Dell Ditches Netbooks
angry tapir writes "Dell has ceased production of Inspiron Mini netbooks; in effect ending its pursuit of the receding netbook market, at least for consumer sales. When Dell ran through its stock of the netbooks several months ago, it declined to manufacture more units."
iPad killed the netbook market.
"Most people stopped buying them because the manufactures forgot why people were getting them in the first place."
Or because the manufacturers KNEW why people were buying them in the first place and preferred to guide them elsewhere.
"This post is an artistic work of fiction and falsehood. Only a fool would take anything posted here as fact."
That's exactly why. I bought a used acer aspire one ZG5 model, one of the first netbooks recently for $100. I wiped XP off the little 8gb Solid State Drive and installed Peppermint2 OS on it and I friggin' love it. It weighs nothing, it's fast, it has a bright screen and even though its old now the battery lasts over 3 hours of web surfing. I've been hanging out in hospital waiting rooms a lot lately and it makes sitting there waiting all day a lot easier. I've got heavier machines for productivity, I just needed a netbook. Nobody really sells one anymore but there are lots of used ones around for cheap. Many people bought netbooks with the wrong expectations and they're in mostly good shape since they haven't been used much. The one I bought looks brand new.
I would be more inclined to look in Microsoft's direction.
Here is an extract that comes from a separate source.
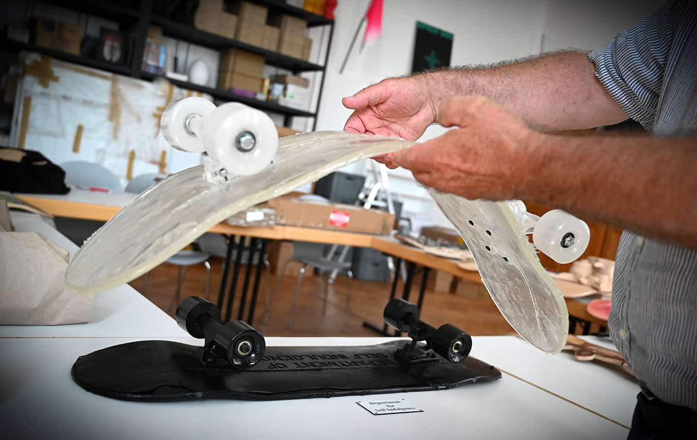 Aus einem anderen Brett wächst grimassierend ein Gesicht heraus – und erinnert an die spöttisch gestalteten Wasserspeier an gotischen Kirchen. Ein anderes Deck wirkt wie eine Landefläche für üppige Figürchen von Nike de Saint Phalle. Auch mit dem Brett des Stuttgarter Künstlers Thomas Putze ließen sich keine Runden mehr drehen: Er hat es brachial dreigeteilt und wie auf ein Totenbett aufgebahrt.

Microsoft doesn't like Dell selling anything that doesn't have a Microsoft OS on them. Windows 7 can't really run on netbooks. Microsoft wants XP to go away. XP is the only Windows OS that can really run on a netbook. So it would make sense that Dell might be getting some pressure from Microsoft to stop selling netbooks. It wouldn't be the first time Dell bowed to pressure from Microsoft.
I disagree. Tablets serve a purpose. On the other hand, tables are also a netbook that generally haven't been manufactured with a connector on the bottom that allows a keyboard to be added that makes it a netbook.
It isn't so much of a debate of which will win in the long run, but how long it will take for the inevitable convergence.